Not being a politician, I affirm there there were winners or losers when the ACA (thank you for not always calling it Obamacare) was enacted, just as there would be with delay or repeal. There’s no way to reform the world’s most inefficient and expensive health care system without winners and losers.
You are right that the next few months change things. Next year, states like New York and California, which are cooperating with the Affordable Care Act, will have a more rational heath system in which people who can afford to pay towards their health care do so rather than risk bankruptcy. Repeal will rip away the coverage of the millions who will start signing up when they realize what a good deal it is for most people.
Here’s something we should give more attention:
In a few more months, there may be something approaching a health care disaster in states which aren’t cooperating, as explained in today’s New York Times:
Having the ability to look a little farther into the future than most of his core right-wing supporters, my Gov. Tom Corbett reversed himself and recently endorsed a Medicaid expansion plan.
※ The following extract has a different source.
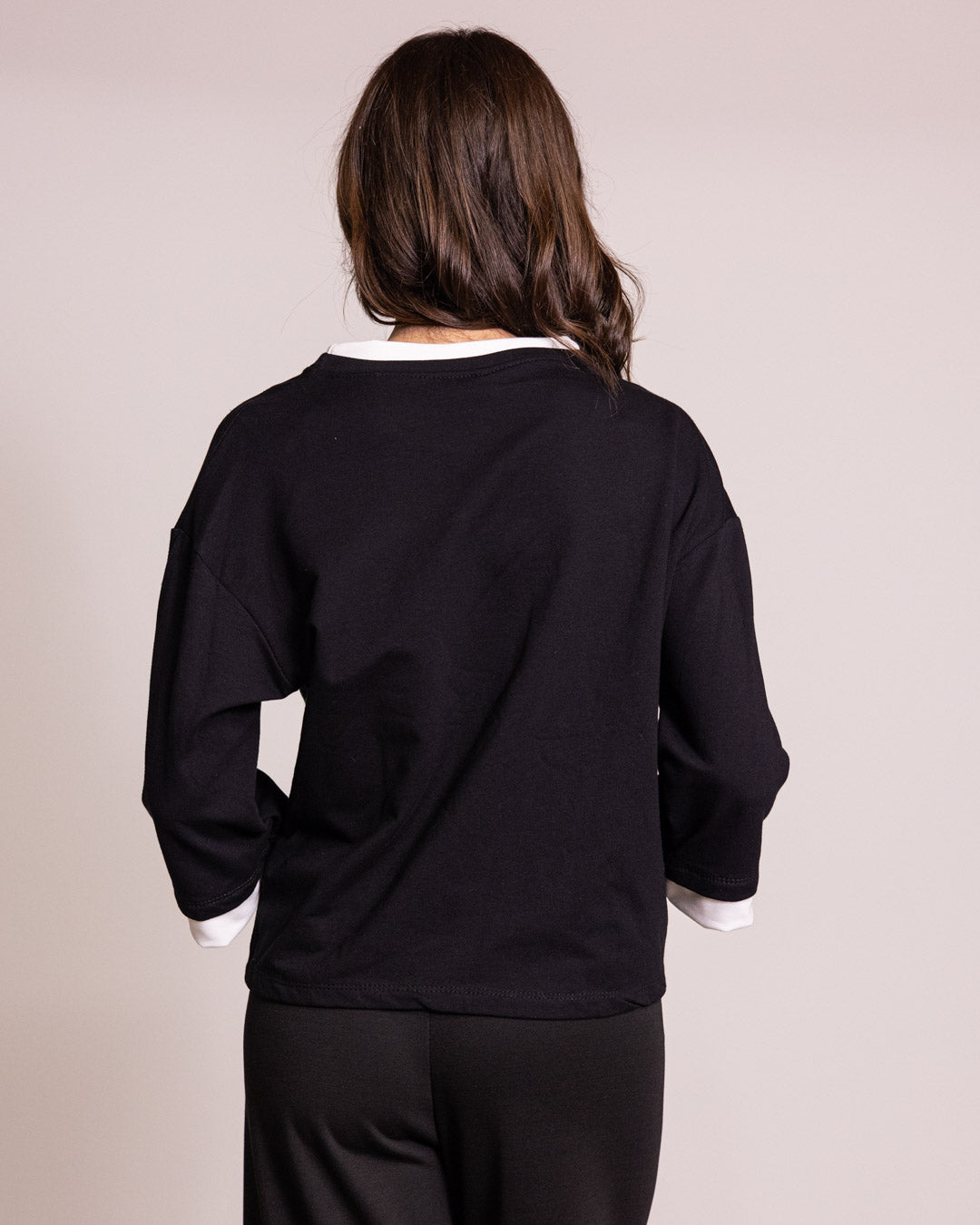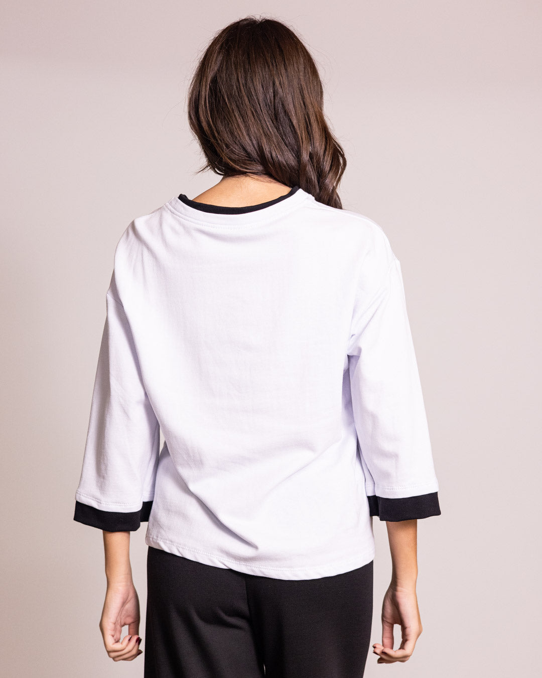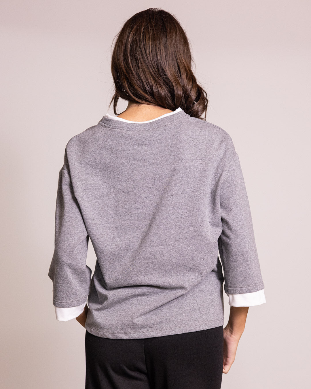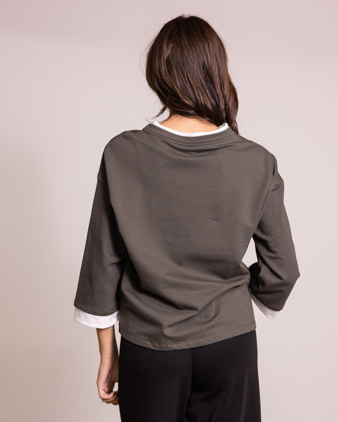 Felpa in taglia unica, realizzata in tessuto leggero e traspirante, ideale per la mezza stagione. Le maniche 3/4 offrono versatilità stilistica, mentre il risvolto in contrasto colore aggiunge un dettaglio di design ricercato. Perfetta per chi ricerca comfort senza compromessi estetici, si abbina facilmente a qualsiasi guardaroba. Un capo essenziale che combina praticità e eleganza contemporanea.

He must have figured out how bad things are going to be here due to the GOP obstructionism.
When you support the Affordable Care Act, you are costing some affluent healthy people money, and inconveniencing them, and, yes, sometimes harming their continuity of care by making them change providers. When you support repeal, though, you are telling folks that they no longer have affordable coverage, and have to either do without, or go back to dueling with bill collectors and, eventually, a bankruptcy attorney.
Admitting that it is unaffordable would be a misstatement of fact that should once again get him those pinocchios.
Saying that it is unconstitutional would be unacceptably insulting to a recent Supreme Court ruling.
Revoking it? Now that would be unconstitutional.
Perhaps you mean that he should urge Congress to repeal it. But he couldn’t get a bill like that through the Senate this year, or, I believe, ever. As a result, the responsible thing is to try to make the existing law work. If you look at the members of Congress who opposed Medicare, you will be see that was their approach as well.
- I added this phrase to provide context.